Collision Resolution Techniques
– Hashing uses a hash function to transform a search key into an array index.
– The ideal case is that no two search keys hash to the same array index.
– Collision resolution is the second part of the algorithm.
– Two common methods for collision resolution are separate chaining and open addressing.
– Collision resolution is necessary because it is impossible to guarantee no collisions for unseen data.
– Separate chaining involves building a linked list for each search array index.
– Collided items are chained together through a single linked list.
– Chained-Hash-Insert, Chained-Hash-Search, and Chained-Hash-Delete are operations in separate chaining.
– If elements are inserted in a total order, it speeds up unsuccessful searches.
– Other data structures like self-balancing binary search trees can be used for separate chaining.
– Open addressing stores every entry record in the bucket array itself.
– Hash resolution is performed through probing.
– Linear probing, quadratic probing, and double hashing are probe sequences used in open addressing.
– Open addressing may be slower than separate chaining when the load factor approaches 1.
– Linear probing can lead to better CPU cache utilization due to locality of references.
– Separate chaining with linked lists may not be cache-conscious due to spatial locality.
– Cache-conscious variants use a more cache-friendly dynamic array.
– Linear probing in open addressing can utilize CPU cache better due to locality of references.
– Caching and locality of reference can improve memory latency and reduce access time.
– Array-based separate chaining is more performant than the standard linked list method under heavy load.
– Coalesced hashing is a hybrid of separate chaining and open addressing.
– Cuckoo hashing guarantees worst-case lookup complexity and constant amortized time for insertions.
– Hopscotch hashing combines elements of cuckoo hashing, linear probing, and chaining.
– Coalesced hashing is suited for fixed memory allocation.
– Hopscotch hashing provides high throughput in concurrent settings and is suitable for resizable concurrent hash tables.

Hash Table Implementation
– Hash tables use a hash function to map keys to indices in an array.
– They provide constant-time average-case performance for insertion, deletion, and search operations.
– Hash collisions occur when two keys map to the same index.
– Collision resolution techniques include chaining and open addressing.
– Chaining uses linked lists to store multiple items at the same index.
– Chaining resolves collisions by storing multiple items in linked lists at the same index.
– Open addressing resolves collisions by finding alternative positions within the hash table.
– Linear probing is a common open addressing technique that checks the next position in the table.
– Quadratic probing uses a quadratic function to search for the next position.
– Robin Hood hashing favors displacing items with longer probe sequence lengths.
– Dynamic resizing is necessary when the number of entries in a hash table grows.
– Resizing maintains the performance of lookup and insertion operations.
– Items are rehashed into the buckets of the new hash table.
– Resizing may be performed to avoid excessive memory usage.
– Resizing can be computationally expensive, especially with all-at-once rehashing.

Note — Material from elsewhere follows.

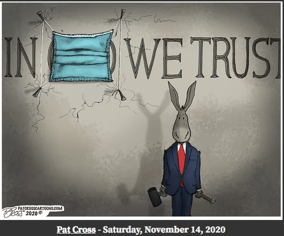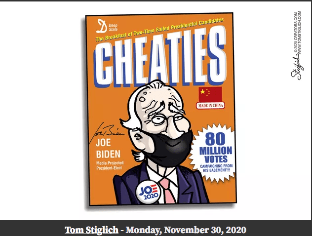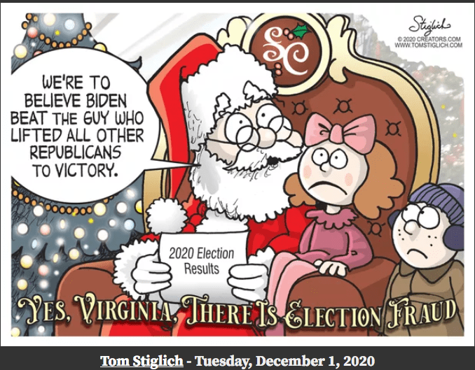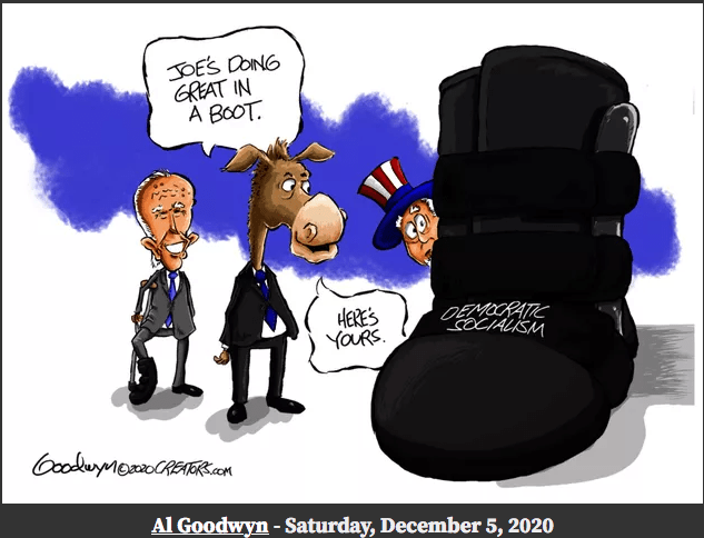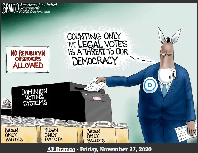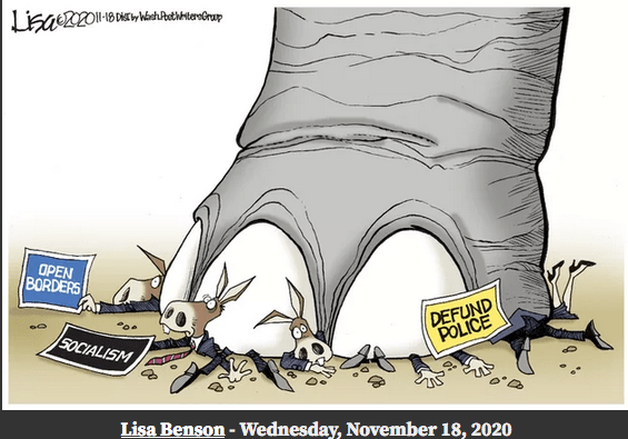 Democrats have been cheating with dead voters, ballot fraud, rigged voting machines, intimidation at polling stations, lack of voter ID, ballot harvesting, mail-in ballots, noncitizen voters and more – for many decades now. It has been allowed to stand in democrat-run states, counties and cities because of their total corruption, crooked judges, bought-n-paid-for DAs, and a sycophantic press. But now Democrat run vote fraud, in Milwaukee, Atlanta, Detroit and Philadelphia (and we could add Phoenix and Las Vegas), in this past presidential election, has moved to a blatant, coordinated, full frontal, shameless attack on our Constitutional Republic, the voter, our freedoms and our liberties. If not acknowledged by the courts and the election restored to President Trump and this system of voter fraud permanently eliminated our nation will be lost forever and become a lawless, one party dictatorship run exclusively of, by and for the democrats. Chauncey Gardiner (Chance The Gardner), in life imitating art, has amazingly and bizarrely become the president-elect of the United States. The democrats have actually, through the most blatant and obvious election fraud in U.S. history, placed a mentally challenged, delusional (the whole crazy Corn Pop story just for one), senile, decrepit old man into the White House with the full intent of replacing him (either through assassination or the 25th amendment) with Kamala (aka Commie) Harris who was so radical and disliked she had to dropout of the 2020 democrat primary! This could not be made up. No one would consider or believe such an outlandish plot to a Hollywood movie. Yet here we are. Among Republican (i.e., informed) voters it is 97%.Wow! This guy better not walk alone, in the dark, at night.So said stolen-presidential-election BidenRecounts don’t matter. Audits of ballots is what matters. Democrats use recounts to add phony votes to their losing totals.This is true. The democrats were stomped on by the Republicans everywhere in the down ballots except the four corrupt democrat-run cities (Detroit, Philadelphia, Milwaukee, & Atlanta) where early morning-after felonies were committed and votes were dumped into the Dominion voter machines to illegally swing the election to BidenThis is the insane nut-job Dr. Rachel Levine, Pennsylvania’s transgender health secretaryThe MSM reminds me of the T1000 TerminatorThis is only a small part of the Leftist indoctrination of your children when you send them and your dollars to most of our colleges and universitiesAnd the American (aka democrat) press simply ignores anti-Christian violence at home and abroadSuch a great cartoon! So clever and true.democrats always give each other bogus awardsWhy would democrats want to kill off the small businesses in their States? Because they don’t need them to stay in power, they are a threat to their power, and as communists they hate the middle class.See cartoon below.See cartoon above.This lying democrat bastard never goes away. He lied about our troops in Vietnam, he lied about out troops in Iraq, and he lied about the Iran deal (he made under Obama) to allow Iran to develop nuclear weapons.So perfect.Such a great job of packing all of Biden’s handlers into one frame.

Applications of Hash Tables
– Hash tables are commonly used to implement associative arrays and in-memory tables.
– They are used in database indexing, although B-trees are more popular in this context.
– Hash tables can be used to implement caches, speeding up access to data stored in slower media.
– They are also used in set data structures for testing membership of a value.
– Transposition tables are complex hash tables that store information about searched sections.
– Hash tables are widely used in databases and caching systems.
– They provide efficient lookup operations in symbol tables and dictionaries.
– Hash tables are used in spell checkers and spell correction algorithms.
– They are employed in hash-based data structures like bloom filters and hash maps.
– Cryptocurrencies and blockchain technologies utilize hash functions.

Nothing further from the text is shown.